Exercise goal:
Below are lines of records; copy exactly those from the one containing "Юлия Бейгельзимер /" through the one containing "在顏值當道的時代,化妝似乎已", leaving the pictures behind.

*** Material shown ***

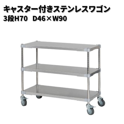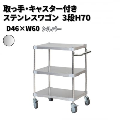 91取っ手・キャスター付きステンレスワゴン3段H70 46×60 シルバー 【334S004】
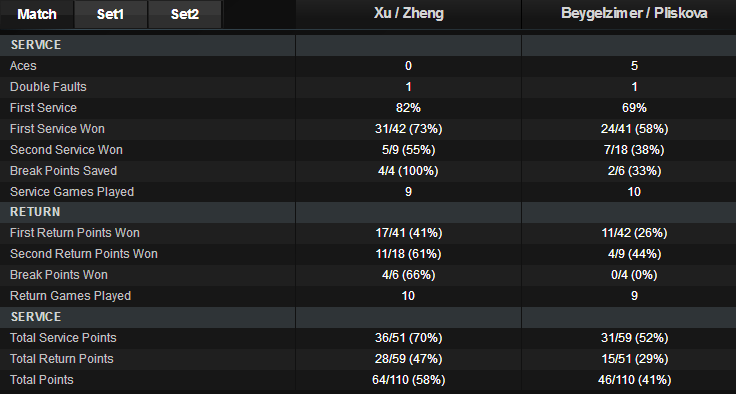 Юлия Бейгельзимер / Кристина Плишкова (Чехия) — И-Фань Сюй / Сай-сай Чжэн (Китай, 1) 5-7 1-6
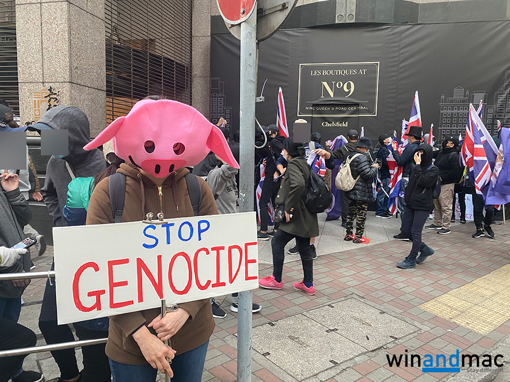 有人戴起連豬的面具,希望中共不要再殘殺香港人。
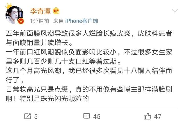 在顏值當道的時代,化妝似乎已經成了當代年輕人一項必備技能,這時很多所謂的美妝博主崛起,然而他們畸形的網紅審美讓很多女生“誤入歧途”,妝容夸張且千篇一律。對此,李奇潭用犀利的文字點評該現象,他更是把胡亂用高光的人形容成“十八銅人”,令人忍俊不禁。
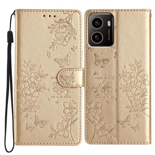 Funda de Cuero para Teléfono Hmd Pulse+ con Diseño de Mariposas y Flores (Dorada)
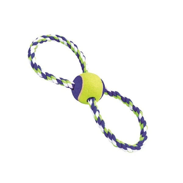 The Rascals 12" Figure 8 Rope Tug with Ball Dog Toy ramps up interactive playtime with your pooch and also promotes healthy teeth and gums.

***

Result of this task:
 Юлия Бейгельзимер / Кристина Плишкова (Чехия) — И-Фань Сюй / Сай-сай Чжэн (Китай, 1) 5-7 1-6
 有人戴起連豬的面具,希望中共不要再殘殺香港人。
 在顏值當道的時代,化妝似乎已經成了當代年輕人一項必備技能,這時很多所謂的美妝博主崛起,然而他們畸形的網紅審美讓很多女生“誤入歧途”,妝容夸張且千篇一律。對此,李奇潭用犀利的文字點評該現象,他更是把胡亂用高光的人形容成“十八銅人”,令人忍俊不禁。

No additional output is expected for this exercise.